Switch to skewed tick for systems with more than 64 processors.

Signed-off-by: Christoph Lameter (Ampere) <cl@gentwo.org>
---
 kernel/Kconfig.hz        | 10 ++++++++++
 kernel/time/tick-sched.c | 16 ++++++++++++++--
 2 files changed, 24 insertions(+), 2 deletions(-)

diff --git a/kernel/Kconfig.hz b/kernel/Kconfig.hz
index ce1435cb08b1..245d938d446b 100644
--- a/kernel/Kconfig.hz
+++ b/kernel/Kconfig.hz
@@ -57,3 +57,13 @@ config HZ
 
 config SCHED_HRTICK
 	def_bool HIGH_RES_TIMERS
+
+config TICK_SKEW_LIMIT
+	int
+	default 64
+	help
+	  If the kernel is booted on systems with a large number of cpus then the
+	  concurrent execution of timer ticks causes long holdoffs due to
+	  serialization. Synchrononous executions of interrupts can also cause
+	  voltage droop in SOCs. So switch to skewed mode. This mechanism
+	  can be overridden by specifying "tick_skew=x" on the kernel command line.
diff --git a/kernel/time/tick-sched.c b/kernel/time/tick-sched.c
index c527b421c865..aab7a1cc25c7 100644
--- a/kernel/time/tick-sched.c
+++ b/kernel/time/tick-sched.c
@@ -1554,7 +1554,7 @@ void tick_irq_enter(void)
 	tick_nohz_irq_enter();
 }
 
-static int sched_skew_tick;
+static int sched_skew_tick = -1;
 
 static int __init skew_tick(char *str)
 {
@@ -1572,6 +1572,16 @@ void tick_setup_sched_timer(bool hrtimer)
 {
 	struct tick_sched *ts = this_cpu_ptr(&tick_cpu_sched);
 
+	/* Figure out if we should skew the tick */
+	if (sched_skew_tick < 0) {
+		if (num_possible_cpus() >= CONFIG_TICK_SKEW_LIMIT) {
+			sched_skew_tick = 1;
+			pr_info("Tick skewed mode enabled.

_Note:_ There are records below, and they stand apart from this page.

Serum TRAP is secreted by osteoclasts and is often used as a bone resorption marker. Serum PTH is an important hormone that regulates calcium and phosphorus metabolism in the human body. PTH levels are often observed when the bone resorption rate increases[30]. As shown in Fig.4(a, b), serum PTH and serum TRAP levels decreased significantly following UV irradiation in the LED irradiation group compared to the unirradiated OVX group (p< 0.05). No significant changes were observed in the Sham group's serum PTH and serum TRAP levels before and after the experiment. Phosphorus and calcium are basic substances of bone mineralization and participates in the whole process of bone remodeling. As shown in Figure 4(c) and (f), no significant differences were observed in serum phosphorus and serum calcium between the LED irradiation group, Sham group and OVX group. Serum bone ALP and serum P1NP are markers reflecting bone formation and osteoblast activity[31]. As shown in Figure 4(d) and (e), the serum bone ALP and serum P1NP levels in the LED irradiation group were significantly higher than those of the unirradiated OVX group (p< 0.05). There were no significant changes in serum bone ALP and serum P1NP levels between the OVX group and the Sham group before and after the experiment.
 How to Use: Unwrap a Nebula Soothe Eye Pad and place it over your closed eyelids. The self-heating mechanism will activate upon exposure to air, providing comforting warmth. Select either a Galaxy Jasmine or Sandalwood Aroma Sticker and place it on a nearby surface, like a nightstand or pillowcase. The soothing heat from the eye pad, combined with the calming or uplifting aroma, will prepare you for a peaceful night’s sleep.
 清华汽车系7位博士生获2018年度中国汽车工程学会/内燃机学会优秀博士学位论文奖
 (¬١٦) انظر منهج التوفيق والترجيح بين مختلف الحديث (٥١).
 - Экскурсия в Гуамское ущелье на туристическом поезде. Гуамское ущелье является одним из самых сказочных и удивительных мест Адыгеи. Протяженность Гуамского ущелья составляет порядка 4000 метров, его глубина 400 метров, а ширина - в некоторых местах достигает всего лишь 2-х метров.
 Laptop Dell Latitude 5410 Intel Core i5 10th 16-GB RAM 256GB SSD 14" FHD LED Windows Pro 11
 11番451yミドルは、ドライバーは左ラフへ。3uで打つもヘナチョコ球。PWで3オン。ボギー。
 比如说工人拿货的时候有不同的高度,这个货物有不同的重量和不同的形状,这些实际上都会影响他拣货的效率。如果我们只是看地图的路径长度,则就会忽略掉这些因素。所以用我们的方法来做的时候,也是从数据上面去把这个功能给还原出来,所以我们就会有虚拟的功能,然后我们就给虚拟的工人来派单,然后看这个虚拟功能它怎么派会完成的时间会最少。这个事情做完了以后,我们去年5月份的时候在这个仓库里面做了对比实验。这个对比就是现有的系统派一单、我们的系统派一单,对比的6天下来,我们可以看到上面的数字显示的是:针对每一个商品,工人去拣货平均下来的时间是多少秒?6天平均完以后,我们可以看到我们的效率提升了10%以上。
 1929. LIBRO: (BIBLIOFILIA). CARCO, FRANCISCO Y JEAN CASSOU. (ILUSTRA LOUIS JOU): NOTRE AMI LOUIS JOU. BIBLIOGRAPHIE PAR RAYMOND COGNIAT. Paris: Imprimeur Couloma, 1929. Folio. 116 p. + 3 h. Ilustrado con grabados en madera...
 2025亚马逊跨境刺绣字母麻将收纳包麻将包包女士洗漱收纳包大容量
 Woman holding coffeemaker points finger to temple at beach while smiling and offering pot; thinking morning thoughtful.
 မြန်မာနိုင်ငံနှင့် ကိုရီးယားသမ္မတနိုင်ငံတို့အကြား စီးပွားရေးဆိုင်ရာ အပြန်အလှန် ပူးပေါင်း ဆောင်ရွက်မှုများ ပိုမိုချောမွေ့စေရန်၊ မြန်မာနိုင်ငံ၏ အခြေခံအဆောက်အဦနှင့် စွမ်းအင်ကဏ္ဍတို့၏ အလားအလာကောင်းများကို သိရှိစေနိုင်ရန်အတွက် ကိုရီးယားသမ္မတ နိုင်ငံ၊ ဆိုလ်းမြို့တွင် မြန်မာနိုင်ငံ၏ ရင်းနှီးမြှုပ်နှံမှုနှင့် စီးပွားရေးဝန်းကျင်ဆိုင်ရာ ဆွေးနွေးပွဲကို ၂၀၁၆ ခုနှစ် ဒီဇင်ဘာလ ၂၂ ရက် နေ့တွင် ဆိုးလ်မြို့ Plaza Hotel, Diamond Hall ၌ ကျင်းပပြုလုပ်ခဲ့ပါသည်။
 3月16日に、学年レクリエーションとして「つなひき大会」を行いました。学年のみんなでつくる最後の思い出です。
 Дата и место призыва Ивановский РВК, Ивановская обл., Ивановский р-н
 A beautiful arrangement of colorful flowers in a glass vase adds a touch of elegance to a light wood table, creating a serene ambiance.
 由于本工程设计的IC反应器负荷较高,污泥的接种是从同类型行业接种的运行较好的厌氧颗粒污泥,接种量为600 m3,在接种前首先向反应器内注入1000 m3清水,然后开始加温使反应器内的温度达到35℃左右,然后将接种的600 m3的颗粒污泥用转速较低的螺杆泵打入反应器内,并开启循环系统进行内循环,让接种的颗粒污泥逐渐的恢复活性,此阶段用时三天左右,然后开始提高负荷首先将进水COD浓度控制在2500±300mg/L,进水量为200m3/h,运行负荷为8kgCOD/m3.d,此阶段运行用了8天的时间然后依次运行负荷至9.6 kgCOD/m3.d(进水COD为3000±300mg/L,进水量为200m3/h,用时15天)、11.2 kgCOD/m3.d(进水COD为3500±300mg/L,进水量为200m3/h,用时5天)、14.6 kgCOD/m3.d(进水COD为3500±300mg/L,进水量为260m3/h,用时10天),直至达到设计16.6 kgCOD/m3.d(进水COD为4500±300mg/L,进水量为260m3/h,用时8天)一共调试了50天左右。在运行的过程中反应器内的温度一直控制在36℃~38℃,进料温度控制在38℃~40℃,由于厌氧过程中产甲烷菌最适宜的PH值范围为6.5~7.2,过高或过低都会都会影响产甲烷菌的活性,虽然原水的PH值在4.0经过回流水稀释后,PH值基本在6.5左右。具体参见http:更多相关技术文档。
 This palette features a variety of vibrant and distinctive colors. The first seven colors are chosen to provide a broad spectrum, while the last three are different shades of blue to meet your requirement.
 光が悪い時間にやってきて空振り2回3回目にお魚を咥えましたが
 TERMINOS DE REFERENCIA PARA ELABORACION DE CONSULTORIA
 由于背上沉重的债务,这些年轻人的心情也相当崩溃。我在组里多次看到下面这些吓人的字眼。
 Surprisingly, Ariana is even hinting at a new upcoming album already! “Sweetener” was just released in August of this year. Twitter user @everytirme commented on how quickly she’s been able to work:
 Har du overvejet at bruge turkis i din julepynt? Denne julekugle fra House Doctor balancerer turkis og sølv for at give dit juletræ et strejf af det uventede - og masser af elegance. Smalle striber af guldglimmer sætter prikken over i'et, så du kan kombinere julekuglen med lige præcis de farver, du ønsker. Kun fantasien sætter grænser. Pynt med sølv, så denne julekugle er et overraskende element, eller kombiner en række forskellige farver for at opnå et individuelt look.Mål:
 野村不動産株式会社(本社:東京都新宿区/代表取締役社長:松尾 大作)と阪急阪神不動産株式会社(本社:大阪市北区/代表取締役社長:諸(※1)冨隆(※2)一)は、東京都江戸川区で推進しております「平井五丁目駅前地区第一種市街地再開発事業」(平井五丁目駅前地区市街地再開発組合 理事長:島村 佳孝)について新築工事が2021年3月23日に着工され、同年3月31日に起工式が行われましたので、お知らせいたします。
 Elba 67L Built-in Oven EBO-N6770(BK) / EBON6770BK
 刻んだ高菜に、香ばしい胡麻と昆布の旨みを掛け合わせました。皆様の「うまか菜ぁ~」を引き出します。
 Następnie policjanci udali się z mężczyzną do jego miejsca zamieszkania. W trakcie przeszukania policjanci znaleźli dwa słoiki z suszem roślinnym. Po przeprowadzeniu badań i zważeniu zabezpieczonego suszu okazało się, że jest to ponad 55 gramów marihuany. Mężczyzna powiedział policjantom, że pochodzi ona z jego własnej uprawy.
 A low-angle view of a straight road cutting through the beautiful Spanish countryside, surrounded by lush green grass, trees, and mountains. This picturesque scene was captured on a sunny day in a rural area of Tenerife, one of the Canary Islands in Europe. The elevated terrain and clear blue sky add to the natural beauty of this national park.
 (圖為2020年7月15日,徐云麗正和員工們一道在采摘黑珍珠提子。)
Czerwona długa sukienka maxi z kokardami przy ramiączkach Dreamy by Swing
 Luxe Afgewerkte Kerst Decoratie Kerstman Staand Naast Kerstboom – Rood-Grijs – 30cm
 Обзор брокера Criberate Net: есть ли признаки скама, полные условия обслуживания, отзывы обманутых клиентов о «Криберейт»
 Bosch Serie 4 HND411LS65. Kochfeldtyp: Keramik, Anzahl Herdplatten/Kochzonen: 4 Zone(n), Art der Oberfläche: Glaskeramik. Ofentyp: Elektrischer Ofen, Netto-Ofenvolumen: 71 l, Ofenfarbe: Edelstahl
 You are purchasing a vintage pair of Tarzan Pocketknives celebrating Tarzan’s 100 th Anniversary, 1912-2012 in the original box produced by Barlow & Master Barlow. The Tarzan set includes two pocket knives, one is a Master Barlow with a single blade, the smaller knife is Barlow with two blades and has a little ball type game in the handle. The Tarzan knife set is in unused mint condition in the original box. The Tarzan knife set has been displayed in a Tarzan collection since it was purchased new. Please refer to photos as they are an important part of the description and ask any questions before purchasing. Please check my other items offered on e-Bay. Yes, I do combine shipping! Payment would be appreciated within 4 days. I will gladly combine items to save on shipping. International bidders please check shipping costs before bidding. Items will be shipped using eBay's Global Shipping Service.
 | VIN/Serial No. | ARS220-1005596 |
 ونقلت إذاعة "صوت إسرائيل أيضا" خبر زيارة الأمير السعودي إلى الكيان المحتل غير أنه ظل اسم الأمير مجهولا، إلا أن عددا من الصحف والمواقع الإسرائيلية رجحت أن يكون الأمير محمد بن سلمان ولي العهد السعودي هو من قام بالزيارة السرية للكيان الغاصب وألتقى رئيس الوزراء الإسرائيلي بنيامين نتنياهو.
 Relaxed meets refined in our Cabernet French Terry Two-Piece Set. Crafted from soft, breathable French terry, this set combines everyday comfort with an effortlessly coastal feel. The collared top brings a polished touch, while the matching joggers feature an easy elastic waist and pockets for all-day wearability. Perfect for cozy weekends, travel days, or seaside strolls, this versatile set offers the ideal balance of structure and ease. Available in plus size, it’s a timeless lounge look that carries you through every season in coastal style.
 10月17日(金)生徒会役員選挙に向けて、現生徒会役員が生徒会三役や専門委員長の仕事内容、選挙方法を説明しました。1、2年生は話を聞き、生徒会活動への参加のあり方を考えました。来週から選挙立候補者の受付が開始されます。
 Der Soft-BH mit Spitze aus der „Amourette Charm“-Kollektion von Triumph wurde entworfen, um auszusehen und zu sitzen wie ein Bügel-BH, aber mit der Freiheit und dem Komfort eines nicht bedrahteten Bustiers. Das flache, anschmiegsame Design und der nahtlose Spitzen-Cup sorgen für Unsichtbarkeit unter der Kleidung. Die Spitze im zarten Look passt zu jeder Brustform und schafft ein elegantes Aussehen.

Possible cpus %u > %u\n",
+				num_possible_cpus(), CONFIG_TICK_SKEW_LIMIT);
+		} else
+			sched_skew_tick = 0;
+	}
+
 	/* Emulate tick processing via per-CPU hrtimers: */
 	hrtimer_setup(&ts->sched_timer, tick_nohz_handler, CLOCK_MONOTONIC, HRTIMER_MODE_ABS_HARD);
 
@@ -1587,7 +1597,9 @@ void tick_setup_sched_timer(bool hrtimer)
 		do_div(offset, num_possible_cpus());
 		offset *= smp_processor_id();
 		hrtimer_add_expires_ns(&ts->sched_timer, offset);
-	}
+	} else
+		pr_info("Tick operating in synchronized mode.\n");
+
 
 	hrtimer_forward_now(&ts->sched_timer, TICK_NSEC);
 	if (IS_ENABLED(CONFIG_HIGH_RES_TIMERS) && hrtimer)

---
base-commit: 66701750d5565c574af42bef0b789ce0203e3071
change-id: 20250702-tick_skew-0e7858c10246

Best regards,
-- 
Christoph Lameter <cl@gentwo.org>

Re: [PATCH] Skew tick for systems with a large number of processors

Posted by kernel test robot 3 months ago

Hi Christoph,

kernel test robot noticed the following build errors:

[auto build test ERROR on 66701750d5565c574af42bef0b789ce0203e3071]

url:    https://github.com/intel-lab-lkp/linux/commits/Christoph-Lameter-via-B4-Relay/Skew-tick-for-systems-with-a-large-number-of-processors/20250703-034357
base:   66701750d5565c574af42bef0b789ce0203e3071
patch link:    https://lore.kernel.org/r/20250702-tick_skew-v1-1-ff8d73035b02%40gentwo.org
patch subject: [PATCH] Skew tick for systems with a large number of processors
config: arc-randconfig-002-20250703 (https://download.01.org/0day-ci/archive/20250703/202507032322.5jzirIYw-lkp@intel.com/config)
compiler: arc-linux-gcc (GCC) 12.4.0
reproduce (this is a W=1 build): (https://download.01.org/0day-ci/archive/20250703/202507032322.5jzirIYw-lkp@intel.com/reproduce)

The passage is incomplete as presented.